In the poster session, basically I visited all posters that have the keywords of either “autism” or “CNV” in the abstracts. One of the interesting presentations is No. 3123F “Whole-exome sequencing identifies a novel 2.5 kb duplication in INSR in a patient with Donohue syndrome”. The mutations in gene Insulin Receptor (INSR) was known to cause Donohue syndrome - a rare disorder characterized by severe insulin resistance. However, for several patients of Donohue syndrome from the same family, no mutation was found after standard Sanger sequencing of the whole INSR gene. To search for other pathogenic mutation, the whole exome sequencing (WES) was conducted but still no plausible mutation was identified. At this situation, the authors performed CNV calling and found a 2.5 kb micro-duplication spanning exon 10-11 of the exact causal gene INSR. Further analysis revealed this duplication caused the frame-shift of the coding sequence and resulted in a premature stop codon. To summarize, for WES, it is recommended to search potential CNV when no promising results obtained from SNV analysis. In another presentation No. 3138 titled “comprehensive comparative performance analysis of high-resolution array platforms for genome-wide CNV detection in humans”, I was surprised to know Affymetrix 6.0 chip outperforms CytoScan, a chip designed solely for CNV analysis. In poster No. 1755, Kaviar, a comprehensive public catalog of human variant and genotype frequency was demonstrated and is accessible at This tool combines 31 public data sources and 4622 private whole genome sequences. It integrates genome variation data from 77,238 unrelated individuals, including the 1000 Genomes Project's data, UK10K COHORT allele frequencies representing 3781 individuals, the Exome Aggregation Consortium (ExAC) 63,000 exomes, and 808 whole genomes from the Alzheimer's Disease Neuroimaging Initiative (ADNI). In short, it provides a one-stop query engine when one needs to look up the allele frequency of the rare variant.

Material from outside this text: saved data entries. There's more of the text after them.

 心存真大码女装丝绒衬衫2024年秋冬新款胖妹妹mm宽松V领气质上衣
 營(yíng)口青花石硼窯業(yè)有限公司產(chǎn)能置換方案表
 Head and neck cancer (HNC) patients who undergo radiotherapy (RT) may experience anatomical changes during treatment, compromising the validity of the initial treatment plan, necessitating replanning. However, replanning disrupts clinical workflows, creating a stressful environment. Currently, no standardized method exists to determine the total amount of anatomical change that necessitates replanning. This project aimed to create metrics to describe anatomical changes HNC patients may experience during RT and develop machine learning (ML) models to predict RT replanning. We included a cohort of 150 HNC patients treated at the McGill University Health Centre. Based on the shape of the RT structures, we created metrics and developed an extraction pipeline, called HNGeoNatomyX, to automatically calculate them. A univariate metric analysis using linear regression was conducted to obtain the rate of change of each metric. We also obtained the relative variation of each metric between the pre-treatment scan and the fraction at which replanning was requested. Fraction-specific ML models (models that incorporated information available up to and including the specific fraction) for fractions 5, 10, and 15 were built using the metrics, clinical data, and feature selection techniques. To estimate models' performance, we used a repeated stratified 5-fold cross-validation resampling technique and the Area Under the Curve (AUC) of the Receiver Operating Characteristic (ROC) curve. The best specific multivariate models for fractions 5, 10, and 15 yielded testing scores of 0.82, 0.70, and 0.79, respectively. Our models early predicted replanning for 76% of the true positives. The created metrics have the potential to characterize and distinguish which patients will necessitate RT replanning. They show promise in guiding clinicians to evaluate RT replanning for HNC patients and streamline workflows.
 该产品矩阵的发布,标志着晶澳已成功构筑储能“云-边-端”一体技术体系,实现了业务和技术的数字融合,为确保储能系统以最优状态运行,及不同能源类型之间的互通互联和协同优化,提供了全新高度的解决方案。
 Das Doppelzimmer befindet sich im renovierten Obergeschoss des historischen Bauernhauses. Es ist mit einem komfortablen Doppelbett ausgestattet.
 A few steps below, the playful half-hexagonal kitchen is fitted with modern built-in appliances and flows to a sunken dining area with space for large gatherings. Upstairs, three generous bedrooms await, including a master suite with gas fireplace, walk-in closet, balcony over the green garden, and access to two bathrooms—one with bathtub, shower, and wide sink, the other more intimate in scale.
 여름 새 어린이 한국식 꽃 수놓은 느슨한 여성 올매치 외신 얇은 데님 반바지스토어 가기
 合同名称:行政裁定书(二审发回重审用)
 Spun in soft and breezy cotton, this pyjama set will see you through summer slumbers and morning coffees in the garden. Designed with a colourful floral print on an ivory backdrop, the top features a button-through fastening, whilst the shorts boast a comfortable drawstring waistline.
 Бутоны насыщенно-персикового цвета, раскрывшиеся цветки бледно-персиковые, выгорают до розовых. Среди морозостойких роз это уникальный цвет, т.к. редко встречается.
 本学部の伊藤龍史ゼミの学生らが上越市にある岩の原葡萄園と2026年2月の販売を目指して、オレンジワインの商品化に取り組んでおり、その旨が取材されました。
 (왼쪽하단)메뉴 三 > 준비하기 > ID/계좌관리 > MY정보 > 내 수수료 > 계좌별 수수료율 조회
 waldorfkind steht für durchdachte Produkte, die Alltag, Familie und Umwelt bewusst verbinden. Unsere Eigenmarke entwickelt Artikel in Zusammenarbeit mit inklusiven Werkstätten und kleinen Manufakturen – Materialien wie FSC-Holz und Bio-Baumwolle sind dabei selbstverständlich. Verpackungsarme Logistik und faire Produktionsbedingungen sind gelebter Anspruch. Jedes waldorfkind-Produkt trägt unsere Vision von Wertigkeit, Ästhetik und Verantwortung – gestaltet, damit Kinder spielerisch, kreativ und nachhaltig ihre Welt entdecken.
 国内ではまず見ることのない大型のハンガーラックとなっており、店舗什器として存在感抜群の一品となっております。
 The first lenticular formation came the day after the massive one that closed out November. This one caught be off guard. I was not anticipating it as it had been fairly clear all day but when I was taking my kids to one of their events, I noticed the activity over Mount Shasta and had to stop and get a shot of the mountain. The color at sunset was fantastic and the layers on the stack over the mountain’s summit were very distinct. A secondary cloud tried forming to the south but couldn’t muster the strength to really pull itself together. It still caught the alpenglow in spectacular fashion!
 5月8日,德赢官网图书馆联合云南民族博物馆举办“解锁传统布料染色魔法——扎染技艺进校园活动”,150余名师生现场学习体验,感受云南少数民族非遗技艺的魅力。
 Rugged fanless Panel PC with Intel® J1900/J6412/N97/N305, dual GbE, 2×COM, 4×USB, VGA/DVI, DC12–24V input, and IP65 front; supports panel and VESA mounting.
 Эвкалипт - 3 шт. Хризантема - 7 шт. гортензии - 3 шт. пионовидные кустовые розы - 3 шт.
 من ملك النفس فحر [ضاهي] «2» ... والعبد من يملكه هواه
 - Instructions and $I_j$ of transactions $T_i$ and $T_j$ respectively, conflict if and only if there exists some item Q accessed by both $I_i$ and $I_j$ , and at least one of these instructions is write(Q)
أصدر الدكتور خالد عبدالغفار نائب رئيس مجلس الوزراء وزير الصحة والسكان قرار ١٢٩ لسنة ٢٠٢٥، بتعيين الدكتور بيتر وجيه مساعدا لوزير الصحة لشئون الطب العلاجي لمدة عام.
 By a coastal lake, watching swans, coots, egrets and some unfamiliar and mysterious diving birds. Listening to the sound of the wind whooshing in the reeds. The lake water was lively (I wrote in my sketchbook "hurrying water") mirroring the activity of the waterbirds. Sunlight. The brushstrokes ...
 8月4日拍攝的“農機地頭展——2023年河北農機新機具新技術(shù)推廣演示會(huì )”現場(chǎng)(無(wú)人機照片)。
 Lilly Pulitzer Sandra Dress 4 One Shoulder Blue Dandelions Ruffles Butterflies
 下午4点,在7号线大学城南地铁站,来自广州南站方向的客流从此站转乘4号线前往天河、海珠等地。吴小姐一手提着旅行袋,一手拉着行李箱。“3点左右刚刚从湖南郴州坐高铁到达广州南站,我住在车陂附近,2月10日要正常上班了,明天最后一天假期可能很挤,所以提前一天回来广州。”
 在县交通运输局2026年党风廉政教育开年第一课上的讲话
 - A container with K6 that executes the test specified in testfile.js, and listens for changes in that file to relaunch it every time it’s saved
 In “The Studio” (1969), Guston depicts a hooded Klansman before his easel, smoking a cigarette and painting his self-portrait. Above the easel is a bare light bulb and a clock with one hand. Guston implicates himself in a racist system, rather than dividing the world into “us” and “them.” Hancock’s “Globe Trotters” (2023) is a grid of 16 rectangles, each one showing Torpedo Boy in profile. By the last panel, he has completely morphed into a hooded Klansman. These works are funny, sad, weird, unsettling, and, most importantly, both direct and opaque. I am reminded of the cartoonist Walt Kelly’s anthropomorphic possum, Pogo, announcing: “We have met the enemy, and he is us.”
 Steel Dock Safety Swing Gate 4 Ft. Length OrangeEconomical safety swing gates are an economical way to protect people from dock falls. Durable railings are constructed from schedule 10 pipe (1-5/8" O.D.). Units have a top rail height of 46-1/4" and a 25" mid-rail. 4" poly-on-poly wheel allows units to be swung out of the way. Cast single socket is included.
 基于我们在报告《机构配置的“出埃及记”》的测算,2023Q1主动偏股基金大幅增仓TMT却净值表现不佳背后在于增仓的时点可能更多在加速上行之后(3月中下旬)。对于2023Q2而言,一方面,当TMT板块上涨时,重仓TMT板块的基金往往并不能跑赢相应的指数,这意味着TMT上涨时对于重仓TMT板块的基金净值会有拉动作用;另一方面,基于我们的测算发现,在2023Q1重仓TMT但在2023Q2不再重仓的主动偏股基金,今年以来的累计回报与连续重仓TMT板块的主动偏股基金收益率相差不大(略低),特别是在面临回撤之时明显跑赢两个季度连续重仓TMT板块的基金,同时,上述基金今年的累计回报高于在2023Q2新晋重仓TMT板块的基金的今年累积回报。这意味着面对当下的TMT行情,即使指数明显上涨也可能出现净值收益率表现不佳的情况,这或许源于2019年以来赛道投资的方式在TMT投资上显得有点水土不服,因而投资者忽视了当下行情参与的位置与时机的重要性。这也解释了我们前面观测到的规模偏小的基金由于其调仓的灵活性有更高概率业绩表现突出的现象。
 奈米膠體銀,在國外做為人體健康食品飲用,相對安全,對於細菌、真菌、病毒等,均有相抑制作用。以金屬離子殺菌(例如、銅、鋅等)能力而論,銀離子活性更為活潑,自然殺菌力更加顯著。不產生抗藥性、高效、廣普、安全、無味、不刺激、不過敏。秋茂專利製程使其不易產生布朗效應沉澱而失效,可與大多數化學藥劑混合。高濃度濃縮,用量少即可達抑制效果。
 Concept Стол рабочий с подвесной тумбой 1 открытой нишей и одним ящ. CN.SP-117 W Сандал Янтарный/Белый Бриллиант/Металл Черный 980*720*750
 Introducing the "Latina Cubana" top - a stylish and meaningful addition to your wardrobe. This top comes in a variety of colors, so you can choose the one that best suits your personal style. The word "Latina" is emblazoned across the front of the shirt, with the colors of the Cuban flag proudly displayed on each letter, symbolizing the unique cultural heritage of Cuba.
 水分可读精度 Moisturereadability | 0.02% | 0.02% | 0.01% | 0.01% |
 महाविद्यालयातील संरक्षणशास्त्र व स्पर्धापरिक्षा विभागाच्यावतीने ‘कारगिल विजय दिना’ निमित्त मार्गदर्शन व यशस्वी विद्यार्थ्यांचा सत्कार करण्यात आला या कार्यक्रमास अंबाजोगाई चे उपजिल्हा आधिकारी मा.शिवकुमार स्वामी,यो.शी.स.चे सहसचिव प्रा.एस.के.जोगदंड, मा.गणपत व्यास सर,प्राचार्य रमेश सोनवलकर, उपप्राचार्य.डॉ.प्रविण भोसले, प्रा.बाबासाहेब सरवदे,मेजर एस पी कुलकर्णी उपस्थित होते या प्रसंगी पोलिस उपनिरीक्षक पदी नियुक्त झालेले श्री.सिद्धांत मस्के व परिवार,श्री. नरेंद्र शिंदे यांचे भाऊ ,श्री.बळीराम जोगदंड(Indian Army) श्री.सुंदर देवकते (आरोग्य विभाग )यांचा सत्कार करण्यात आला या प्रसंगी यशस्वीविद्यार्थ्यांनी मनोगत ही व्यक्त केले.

I also participated one poster walk “Genome Structure, Variation, and Function” led by Prof. Manolis Dermitzakis. He discussed three selected posters and shared his insights into how genetic variants exerts the influence on gene expression level. I personally found No. 3173F intriguing. In this comprehensive study of gene regulating variation, the authors evaluated the variation’s influence on distal epigenetic modification, mRNA stability, transcription and translation rate, and ribosome occupancy. They found that as many as 30% of all QTLs that affect protein expression levels do not appear to affect chromatin-level traits. Instead, they tend to modulate gene expression levels directly by affecting splicing and/or RNA decay.

My personal reflection on this year’s ASHG is that with the trends towards higher-resolution, higher throughput data (Hi-C, Encode and whole exome/genome data from thousands of samples), and the availability of the genome-editing tool to manipulate the genome in cell/animal level. Many challenging biological hypotheses now can be tested with computational, statistical, experimental methods and will in turn lead to a better understanding the genetic mechanism of the biological process such as development and aging, and the pathogenesis mechanism of diseases.